Sinoatrial node (in right atrium), transmission 0.5m/sec –> atrioventricular node (this is the only connection, the rest are blocked by annulus fibrosus), transmission 0.05m/sec–> Bundle of his –> right and left bundle branches –> purkinje fibers, transmission 5m/sec
- all of the above are cardiac muscle fibers except annulus fibrosus
- quick transmission of SA node and purkinje fibers makes all of the RA and ventricles contract at the same time, but the slower transmission of the atrioventricular node means that atrium and ventricle contracts at different times.
what does an ECG tell you?
- disorders of electrical conduction in the heart
2. the rhythm
first, second, third degree heart block
1st degree: electrical impulses move slower than normal but each signal still conducted (lengthened P interval but QRS present)
2nd degree:
- type I: electrical signal goes slower and slower until the heart skips a beat (progressively lengthening P interval and a drop in QRS complex, then start over)

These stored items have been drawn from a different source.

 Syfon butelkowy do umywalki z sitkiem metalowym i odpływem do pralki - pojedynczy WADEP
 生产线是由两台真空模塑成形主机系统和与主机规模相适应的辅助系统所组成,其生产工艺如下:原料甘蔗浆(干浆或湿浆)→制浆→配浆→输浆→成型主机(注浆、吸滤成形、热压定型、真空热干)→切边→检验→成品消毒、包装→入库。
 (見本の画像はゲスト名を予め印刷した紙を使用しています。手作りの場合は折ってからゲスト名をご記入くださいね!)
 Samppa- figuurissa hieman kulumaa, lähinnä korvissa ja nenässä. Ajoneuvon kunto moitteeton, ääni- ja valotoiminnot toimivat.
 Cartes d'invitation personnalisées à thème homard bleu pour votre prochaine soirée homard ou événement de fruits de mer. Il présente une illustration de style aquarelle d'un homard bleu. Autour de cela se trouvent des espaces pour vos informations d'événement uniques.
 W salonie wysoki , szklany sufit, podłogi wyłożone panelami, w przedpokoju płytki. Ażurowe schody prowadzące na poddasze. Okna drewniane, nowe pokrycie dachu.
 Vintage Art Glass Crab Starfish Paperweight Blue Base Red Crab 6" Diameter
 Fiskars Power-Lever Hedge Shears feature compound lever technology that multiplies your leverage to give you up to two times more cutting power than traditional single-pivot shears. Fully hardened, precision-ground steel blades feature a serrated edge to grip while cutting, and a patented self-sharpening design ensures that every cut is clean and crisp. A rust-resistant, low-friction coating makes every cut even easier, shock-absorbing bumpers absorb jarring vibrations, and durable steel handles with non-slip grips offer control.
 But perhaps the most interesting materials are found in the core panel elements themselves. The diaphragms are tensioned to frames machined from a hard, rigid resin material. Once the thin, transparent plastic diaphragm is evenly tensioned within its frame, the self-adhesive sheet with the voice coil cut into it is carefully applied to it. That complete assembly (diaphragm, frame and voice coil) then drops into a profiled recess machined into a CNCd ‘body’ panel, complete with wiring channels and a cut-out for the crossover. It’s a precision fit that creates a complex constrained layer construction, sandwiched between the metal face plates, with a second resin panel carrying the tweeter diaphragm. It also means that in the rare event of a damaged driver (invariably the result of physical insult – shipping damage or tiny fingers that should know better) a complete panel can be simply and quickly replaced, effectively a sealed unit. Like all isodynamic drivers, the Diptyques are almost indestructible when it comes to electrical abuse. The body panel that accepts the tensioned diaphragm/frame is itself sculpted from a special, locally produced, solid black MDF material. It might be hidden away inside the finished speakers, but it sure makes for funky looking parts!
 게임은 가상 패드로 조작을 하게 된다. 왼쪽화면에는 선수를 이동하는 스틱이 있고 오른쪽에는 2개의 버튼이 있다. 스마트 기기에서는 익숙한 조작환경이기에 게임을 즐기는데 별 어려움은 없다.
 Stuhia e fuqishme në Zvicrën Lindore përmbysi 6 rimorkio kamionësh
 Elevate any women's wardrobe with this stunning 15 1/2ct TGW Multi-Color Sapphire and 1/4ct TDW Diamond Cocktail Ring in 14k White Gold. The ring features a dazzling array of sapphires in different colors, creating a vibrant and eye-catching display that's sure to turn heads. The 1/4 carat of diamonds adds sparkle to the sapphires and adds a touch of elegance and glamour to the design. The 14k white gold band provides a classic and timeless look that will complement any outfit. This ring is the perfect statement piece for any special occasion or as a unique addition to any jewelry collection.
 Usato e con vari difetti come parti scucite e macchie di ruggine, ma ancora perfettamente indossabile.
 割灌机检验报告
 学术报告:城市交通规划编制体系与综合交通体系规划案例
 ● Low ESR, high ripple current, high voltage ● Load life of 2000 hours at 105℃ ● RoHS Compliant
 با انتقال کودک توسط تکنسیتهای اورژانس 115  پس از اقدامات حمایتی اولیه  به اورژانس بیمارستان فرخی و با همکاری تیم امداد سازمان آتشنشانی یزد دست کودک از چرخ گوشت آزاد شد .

- type II: some electrical signals do not reach the ventricles and there are random drops in QRS
3rd degree: no electrical signal sent, ventricles beat steadily from specialised pacemakers in the ventricles but is completely out of sync with atrium
atrial flutter, atrial fibrillation, ventricular fibrillation
atrial flutter: no prob with electrical conduction, but atrial depo happens right after ventricular repo, conduction happening too quickly (P wave sitting almost on top of the previous T wave)
AF: no atrial contraction and random and uncoordinated ventricular depo (no P waves detected, random QRS)
ventricular fibrillation: no ventricular depo (no QRS complex, the heart is quivering but not pumping)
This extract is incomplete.